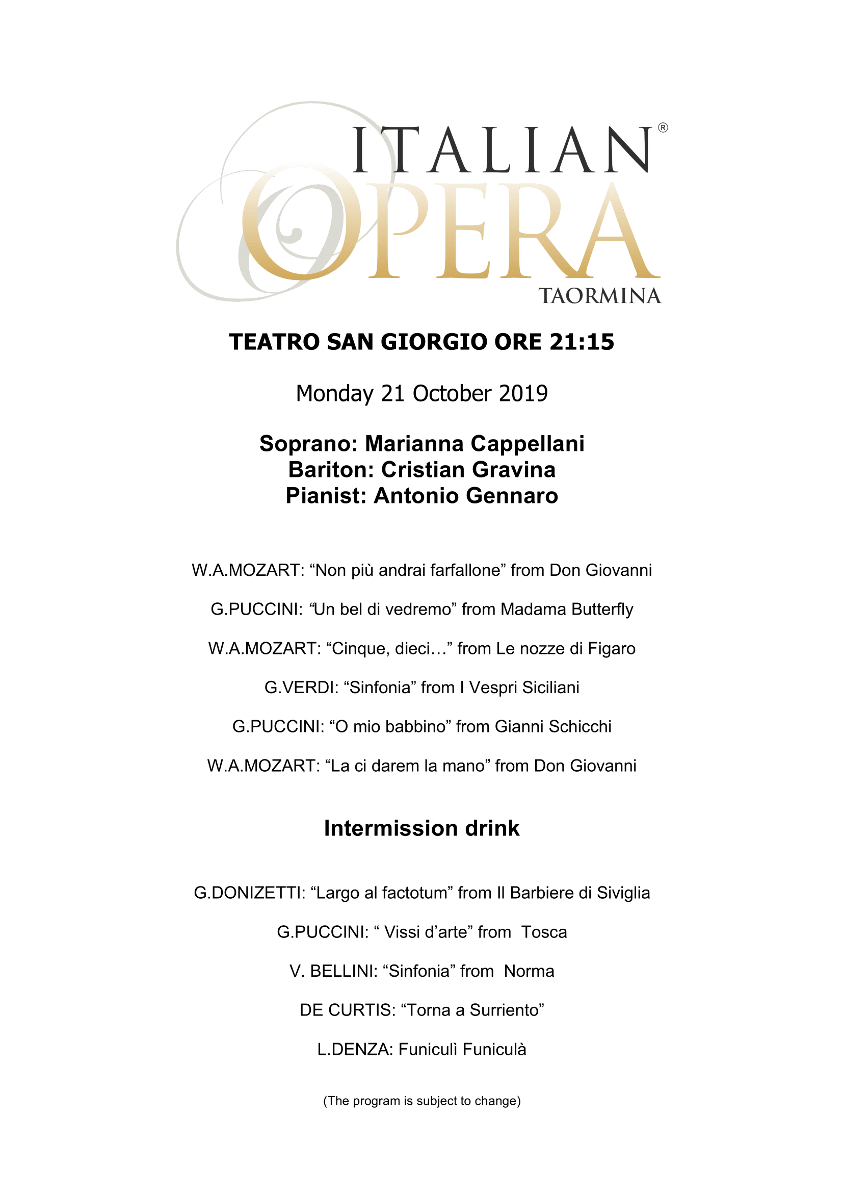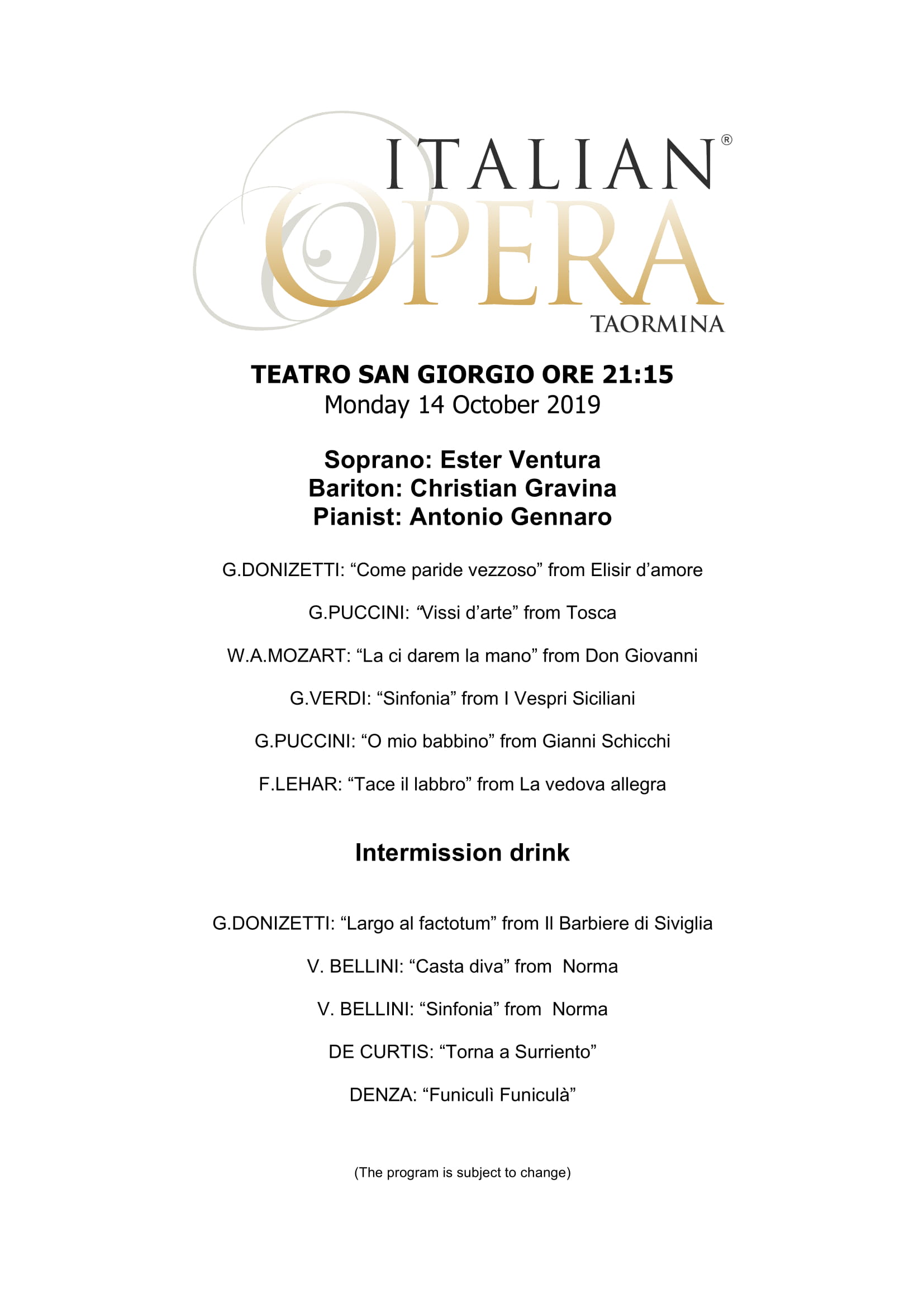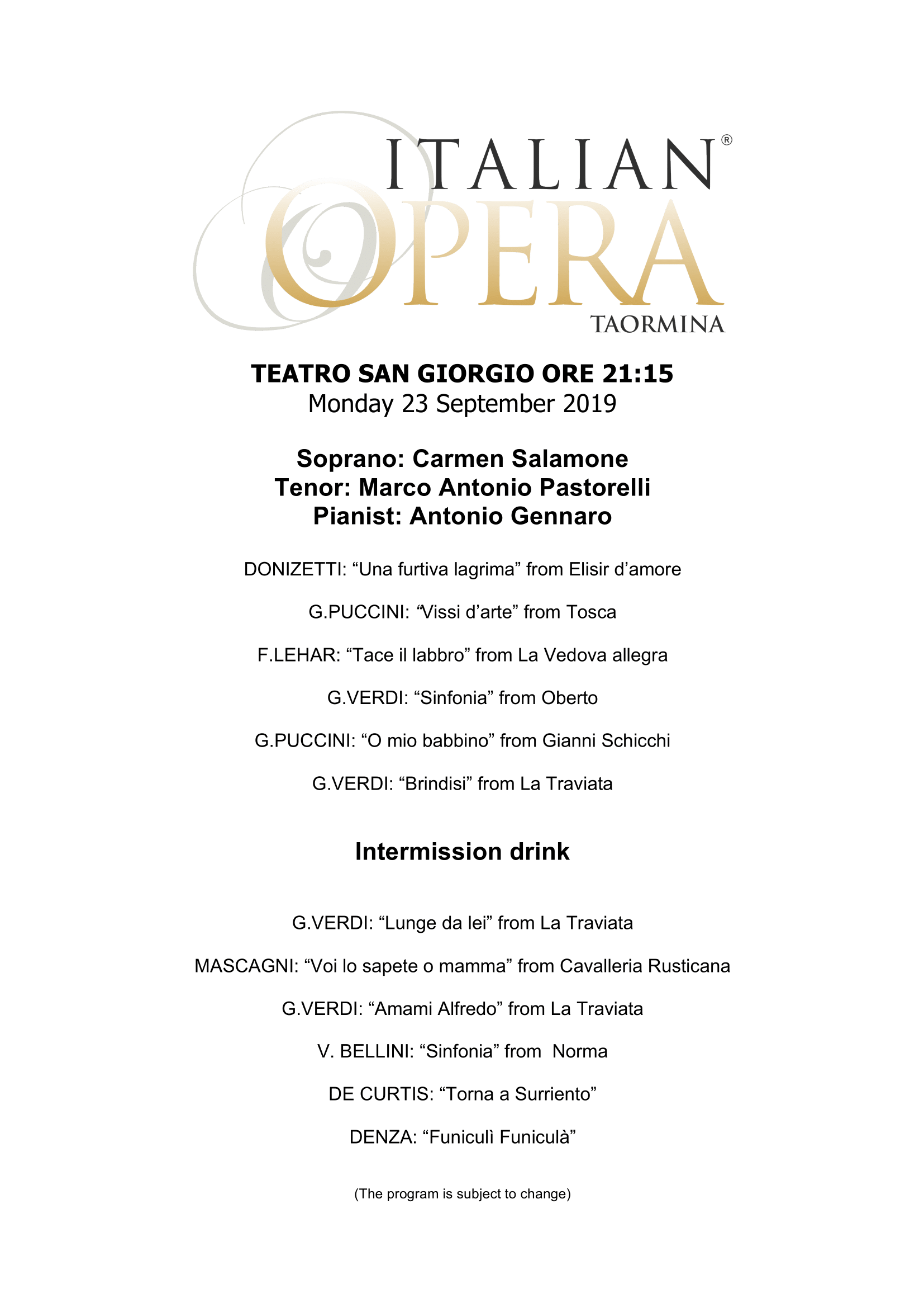For the films shot in Taormina on Saturday, November 2nd: “L’immagine meravigliosa” (1951) by Richard Brooks with Stewart Granger, Anna Maria Pierangeli and George Sanders to follow “Gitarren klingen leise durch die Nacht” (1959) by Hans Deppe with Fred Bertelmann, Margit Nunke and Live Bach.
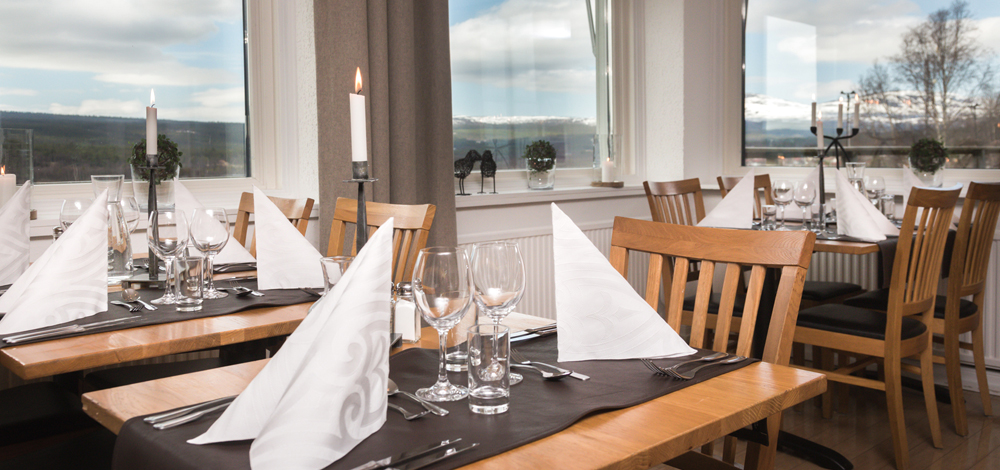 I kan også glæde jer til både morgenbuffet og middag (2 retter eller buffet), som består af lokale svenske råvarer af høj kvalitet kreeret af hotellets dygtige kokke. Retterne nydes i hotellets restaurant som har en fantastisk panoramaudsigt over Härjedalens Fjelde.
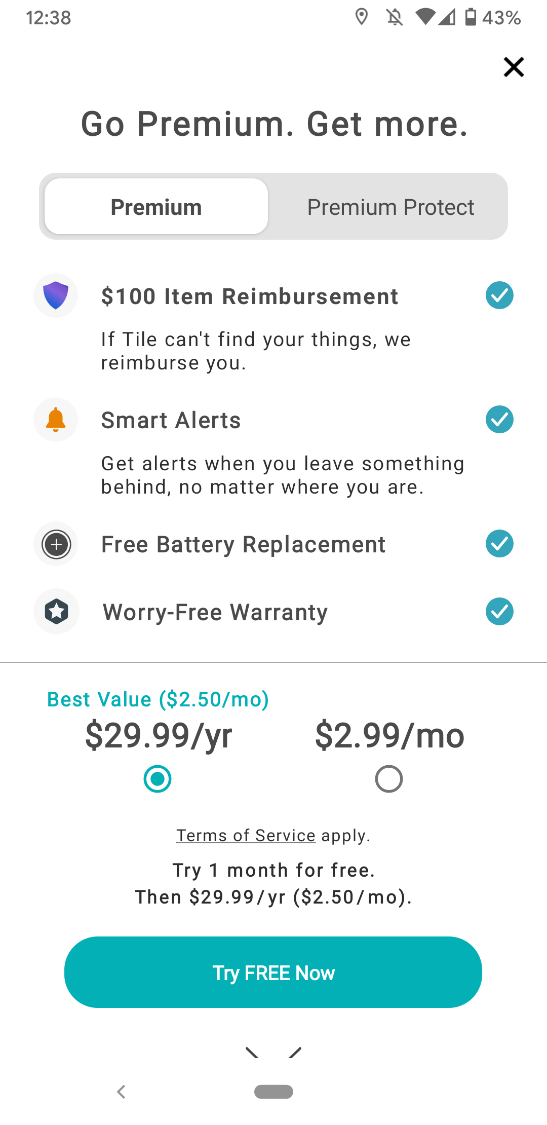 After connecting the Tile Mate to my phone, I was directed to the "Go Premium" page, where I could pay $29.99 a year for other services offered by Tile. Those included an additional warranty, Smart Alerts (a more proactive notification system) and a reimbursement program for items valued at up to $100, should I have trouble finding them using Tile.
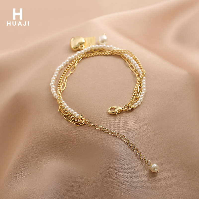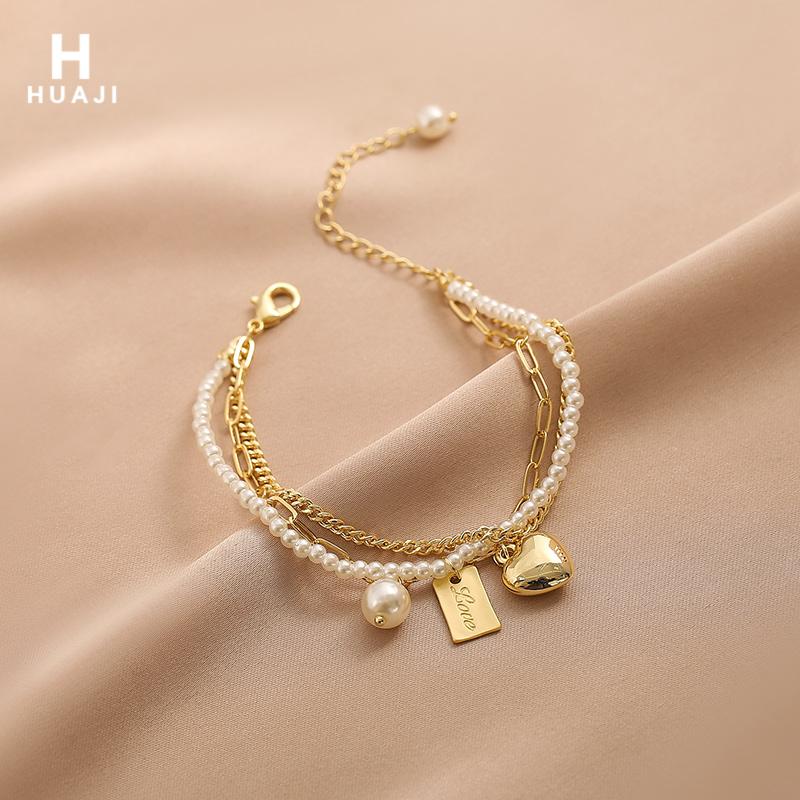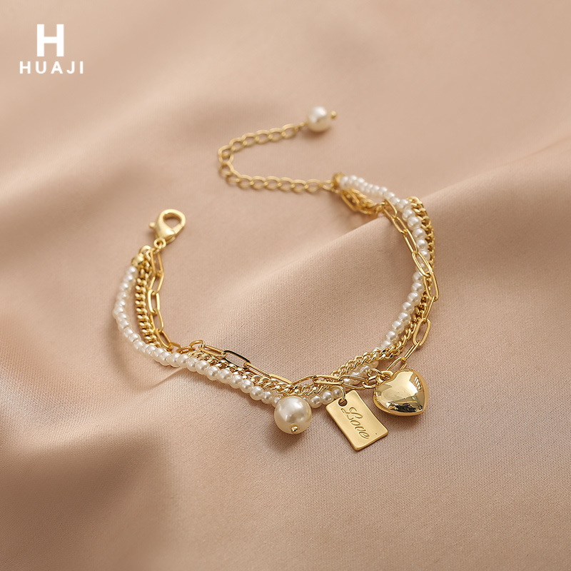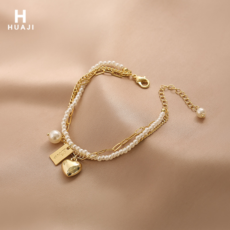 高级感珍珠手链女款小众设计字母简约冷淡风金属心形气质百搭手饰

— REQUIRED ACTION —
Reprint the listing above exactly, without images.

— YOUR SOLUTION —
For the films shot in Taormina on Saturday, November 2nd: “L’immagine meravigliosa” (1951) by Richard Brooks with Stewart Granger, Anna Maria Pierangeli and George Sanders to follow “Gitarren klingen leise durch die Nacht” (1959) by Hans Deppe with Fred Bertelmann, Margit Nunke and Live Bach.
 I kan også glæde jer til både morgenbuffet og middag (2 retter eller buffet), som består af lokale svenske råvarer af høj kvalitet kreeret af hotellets dygtige kokke. Retterne nydes i hotellets restaurant som har en fantastisk panoramaudsigt over Härjedalens Fjelde.
 After connecting the Tile Mate to my phone, I was directed to the "Go Premium" page, where I could pay $29.99 a year for other services offered by Tile. Those included an additional warranty, Smart Alerts (a more proactive notification system) and a reimbursement program for items valued at up to $100, should I have trouble finding them using Tile.
 高级感珍珠手链女款小众设计字母简约冷淡风金属心形气质百搭手饰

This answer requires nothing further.